Tornando a quelli di prima, non penso di essere messo poi così male: il punto 2 va bene, perché il libro è distribuito più o meno dappertutto. Il punto 3 posso risolverlo in fretta, perché conosco un tizio che scrive per «Il Foglio» che mi deve un favore. Alla fine fa solo lo stagista ma sta ben intrecciato con quel mondo lì, quindi uno stronzo che mi scrive una recensione, anche dietro pagamento, riesce a trovarmelo. [1]
L’unica cosa che mi manca è il punto 1: con un solo libro non si va da nessuna parte. Devo scriverne almeno tre, e questo libro è fondamentale. Per carità, non che debba essere un capolavoro, mi tocca giusto riempire un centinaio di cartelle, sperare che Simone (l’editore della Rogas) se la beva, e poi via col prossimo. Magari faccio un saggio o un pamphlet, così sono ancora meno pagine.
«Alec Bogdanovic(????-????) è uno scrittore e saggista italiano»
Sì, il prossimo deve essere un saggio. «Scrittore e saggista» suona meglio che soltanto «scrittore».
In ogni caso, se tutto va secondo i piani, entro fine 2022 dovrei avere tre libri all’attivo, una o due recensioni su periodici rilevanti, e una succosa voce su Wikipedia da sbattere in faccia ai miei affetti, in modo che mi riaccolgano finalmente nel loro circolo dei normali.
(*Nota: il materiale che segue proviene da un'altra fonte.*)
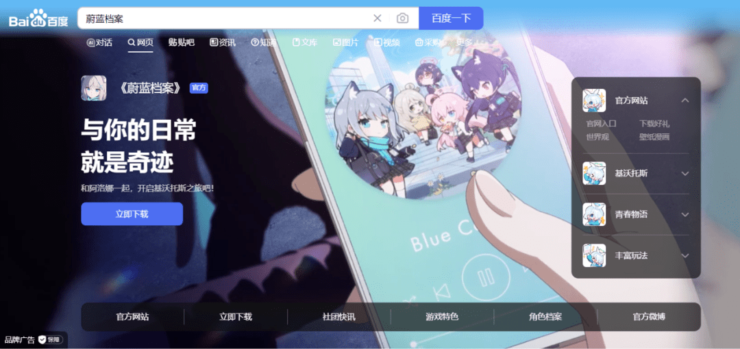 另外,《蔚蓝档案》投入了不少品牌广告进行造势,例如百度搜索主页、B站腾讯QQ等开屏广告等,加上投放了不少图片素材,所以整体投放量数据并不突出。
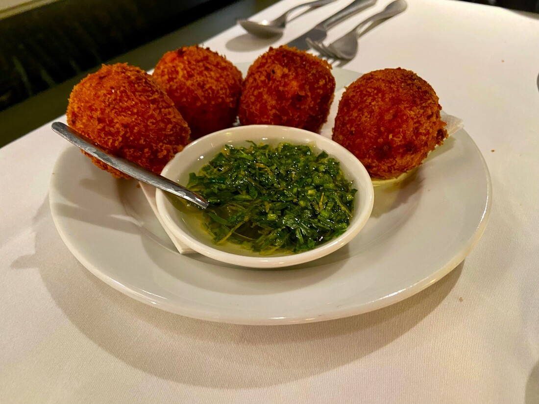 Lang wordt onze nieuwsgierigheid gelukkig niet op de proef gesteld. Na een aperitief met daarbij vers brood en een oreganoboter, wordt de eerste gang van het 3-gangenmenu geserveerd. De populaire risottoballetjes arancini worden op tafel gezet.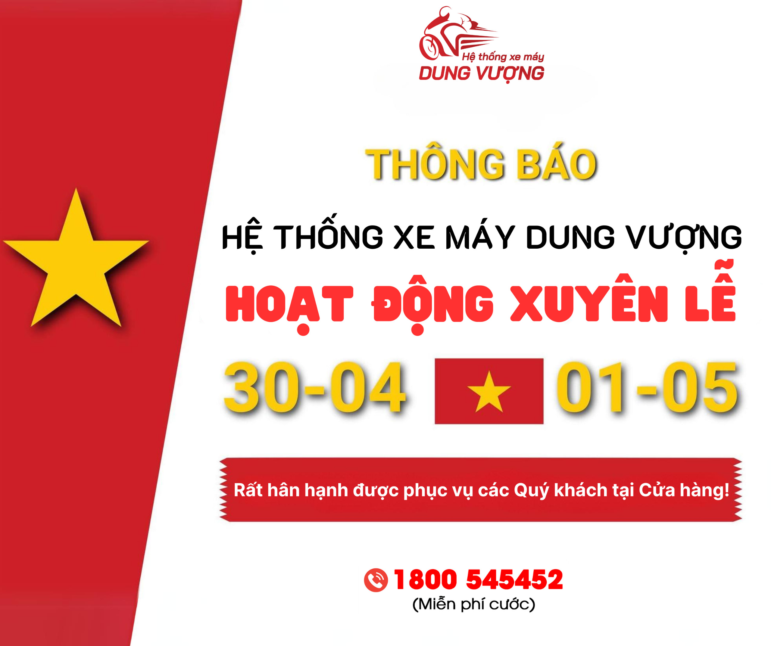 Hệ Thống xe máy Dung Vượng vẫn mở cửa phục vụ Quý khách hàng xuyên dịp Lễ.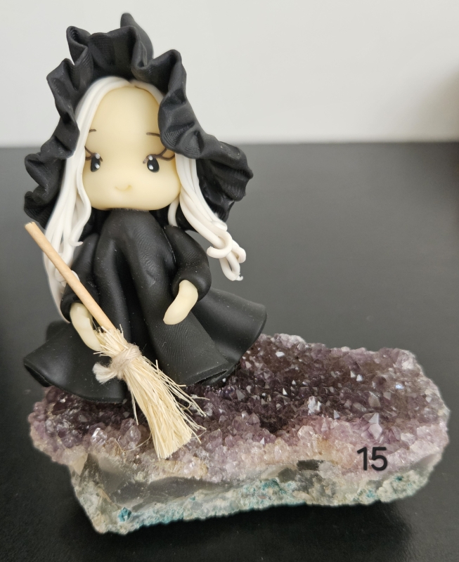 Deze leuke heksjes op amethist zijn handgemaakt. En allemaal anders.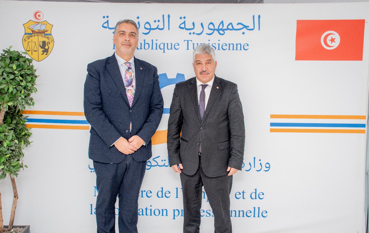 On Tuesday, January 21, 2025, Tunisia’s Minister of Employment and Vocational Training, Riadh Chaouad, met with Romanian Ambassador to Tunisia, Valentin Ciprian, accompanied by Embassy Counselor Constantin, at the ministry headquarters.
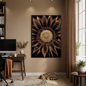Quadro Decorativo Flor De Bronze 70x50cm Mold Preta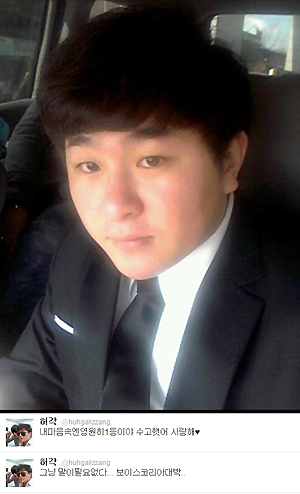 가수 허각은 21일 새벽 자신의 트위터를 통해 "내 마음 속엔 영원히 1등이야. 수고했어. 사랑해"란 글을 남겼다.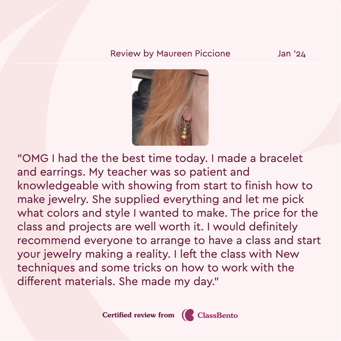 Unleash Your Inner Artisan! Join our sparkling jewelry making classes and discover the joy of creating your own pieces. We offer flexible Jewelry class packages, including 1-Class, 6-Class, and 10-Class options—perfect for beginners and experienced makers alike.

E non faccio nemmeno la figura dello sborone, perché alla fine ho scritto tutto sotto pseudonimo. Sarà una roba del tipo «No vabbè, è che volevo tenere separata la vita privata da quella lavorativa… Cioè, lo sai che sono un introverso, non vivrei bene con la popolarità…», come se poi gli scrittori di nicchia se li inculasse qualcuno.
Riassumendo, in questo momento la mia vita è tutta qui: chino sulle sudate carte, atto a far decollare la mia carriera da scrittore. Al che un lettore disattento potrebbe farsi pervadere da un dubbio: «meh, ma se ti ci stai dedicando anima e corpo potevi pure tirare fuori qualcosa di meglio di una cacatina autoreferenziale come questa».